I've been recently wiring my 16' jon for LED under-deck lights and off road lights on the bow. Today was the big moment where I hooked up my battery, and with great anticipation went to flick the switches- where I had my ultimate Clark Griswold moment.

The battery is in the back of the boat with 8 ga. wires running from it to the switch and negative bus bar. This length is approximately ten feet. From the switch, I have some 16-18 ga. wire running the two LEDs in series (the negative of the first goes to the positive lead of the second, then the negative to the second back to the bus bar ground). The same setup goes for the 55-watt off road lights, except I am running about another 9-10 feet of 14 ga. to them from the switch and back. They will come on dimly, but the LEDs won't light up at all. When I tested it the battery was at 10.3 volts, but I didn't check the amperage. Anybody have any clue where I'm wrong? Thanks!


----------



## DuckNut (Apr 3, 2009)

Move your truck close to the boat and run a jumper from the truck to use that battery instead of the one in the boat. If it works it is your battery. If it does not work you have a poor connection.


----------



## FSUfisher (Jul 16, 2007)

Thanks DuckNut. The truck battery trick showed me that my marine battery is going bad, and that the off road lights are wired okay, although I thought they'd be brighter. It's mixed news, and also explains why my troller has been acting up.
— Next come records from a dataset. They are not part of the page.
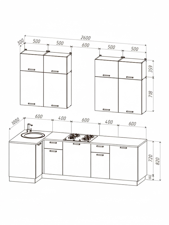 Размер кухни: 1000 х 2600
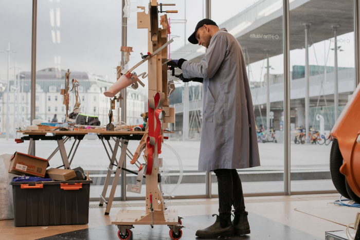 Или, например, Евгений Климин: он работает со звуком. Вообще, он преподаватель сольфеджио, тема его кандидатской диссертации «Исторический звукоидеал русских колоколов XVI — начала XX веков». У нас он сделал музыкальный инструмент из своего разбитого автомобиля, проект называется «Ласточка».
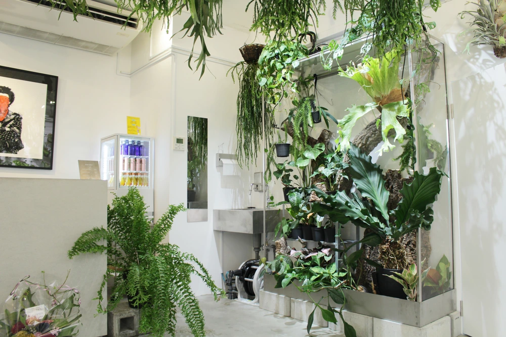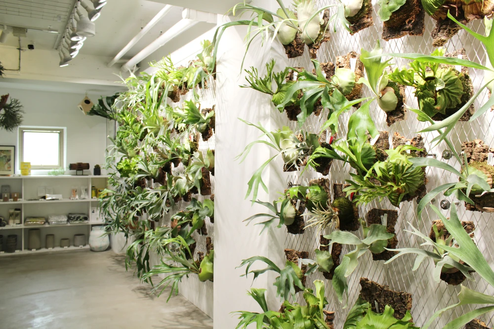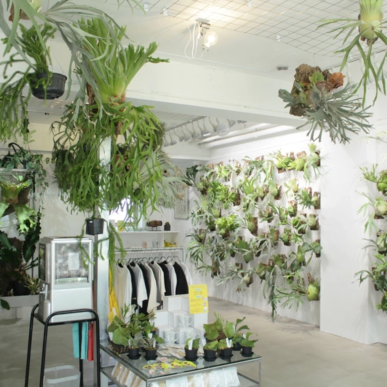 新店舗では、壁一面にかけられたビカクシダの多彩な品種が来店者を圧倒。希少種から普及種までを取りそろえ、シダ植物やアロイドなどの観葉植物も並ぶ。オリジナルグッズも充実し、空間全体がまるで植物のアートギャラリーのような佇まいを見せている。
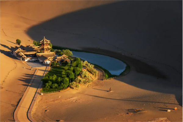 之后我們將前往鳴沙山,【鳴沙山月牙泉】歷來以“沙漠奇觀”著稱于世,是敦煌的名片之一,沙漠與湖泊共生,月牙泉也被稱為沙漠第一泉。大家可以選擇徒步或者騎駱駝上山,從山頂鳥瞰,西域大漠景色讓人心曠神怡,黃沙萬里長,遠(yuǎn)處的駝隊,正悠悠而來;在這里靜待日出東山,大家就可以觀賞到一場壯觀的日出盛宴,當(dāng)那火紅一點(diǎn)一點(diǎn)地從深淵中奮力躍出,直到這輪旭日沖破云層,溫柔卻有力量的晨曦落在鳴沙山起伏的丘陵上,直到染得天地同色,這份似乎要點(diǎn)燃整個西域大漠的壯闊絲毫不遜于“大漠孤煙直,長河落日圓”。
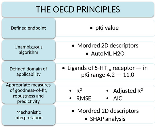The AutoML methods have been used to create the 5-HT1A receptor’s QSAR model. This technique reduces the transparency of the algorithm. To meet the second OECD rule, other prediction methods were sought, but the AutoML H2O model proved to be the best so far. Usage of AutoML techniques offers far greater possibilities than creating a simple QSAR model with, i.e., linear regression.
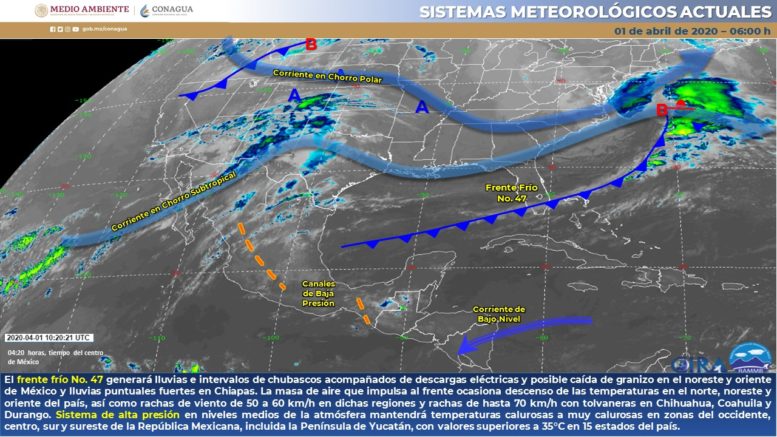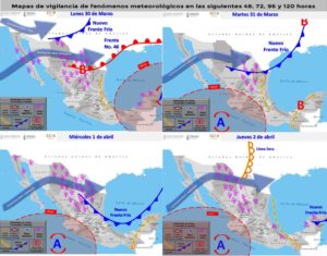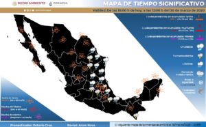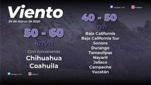 Mesa del Norte: Cielo nublado con intervalos de chubascos en Coahuila, Nuevo León y San Luis Potosí, así como lluvias aisladas en Zacatecas. Ambiente templado durante el día. Viento de dirección variable de 15 a 30 km/h en la región con rachas de 60 a 70 km/h y tolvaneras en Chihuahua, Coahuila y Durango, y rachas de hasta 60 km/h en el resto de la región.
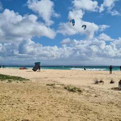 Leider gibt's hier nur Surfspots für Wellenreiter. In einem Surfladen fragte ich trotzdem mal nach. Und siehe da..., einen Spot gibt es. In "Martinhal'" soll es bei östlichen- und nördlichen Winden klappen. Heute war solch ein Tag mit östlicher Strömung. 19 Grad, kleine Welle, ließen keine Ausrede gelten. Heute war somit "Selfietag", ein Tag an dem jeder machen kann was er möchte. Ab gings ins 25 km entfernte Windsurfeldorado. Drei Segel wurden aufgebaut, bis ich endlich die richtige Größe erwischte. Mit 7 qm Segelfläche und 125 l Surfboard unter den Füßen waren dann 2 Stunden Spass angesagt. Schmerzende Knie und Unterarmkrämpfe beendeten den Surftag. Petra hat nun wieder etwas Arbeit, um mich gesund zu pflegen.Read more
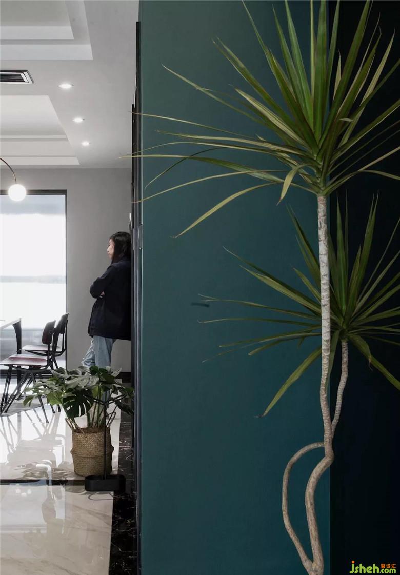 一大長條餐邊柜,收納不愁。森系配色,和另一邊的圣誕綠墻非常搭。

Unfortunately it did not explain why I cannot wire my LEDs in series. After a lot of testing and head scratching I rewired them individually.


----------



## firecat1981 (Nov 27, 2007)

I might be mistaken, but aren't most LEDs designed to be linked parallel? I'm not sure about which kind you are using, but the ones in my house needed to be linked that way.


----------



## FSUfisher (Jul 16, 2007)

> I might be mistaken, but aren't most LEDs designed to be linked parallel? I'm not sure about which kind you are using, but the ones in my house needed to be linked that way.


Aha! That explains everything, and that is the way they ended up wired last night.


----------



## levip (Dec 4, 2010)

yeah i was thinking in a series youd only get half the voltage for each and if you ran wires for one and then went + to + and the - to - to the other one you should get full voltage that would be in paralel- if thats the way you did it i dont see why it wouldnt work HOWEVER if you went
- to+ and + to - that would cut the voltage in half and thereby reduce your light output by half and that would be wired in series


----------



## FSUfisher (Jul 16, 2007)

> yeah i was thinking  in a series youd only get half the voltage for each and if you ran wires for one and then went + to + and the - to -  to the other one you should get full voltage that would be in paralel- if thats the way you did it i dont see why it wouldnt work HOWEVER if you went
> - to+  and + to - that would cut the voltage in half and thereby reduce your light output by half and that  would be wired in series


Thanks Levi. Yeah, you are correct and I also rewired my off road lights in parallel for that exact reason.


----------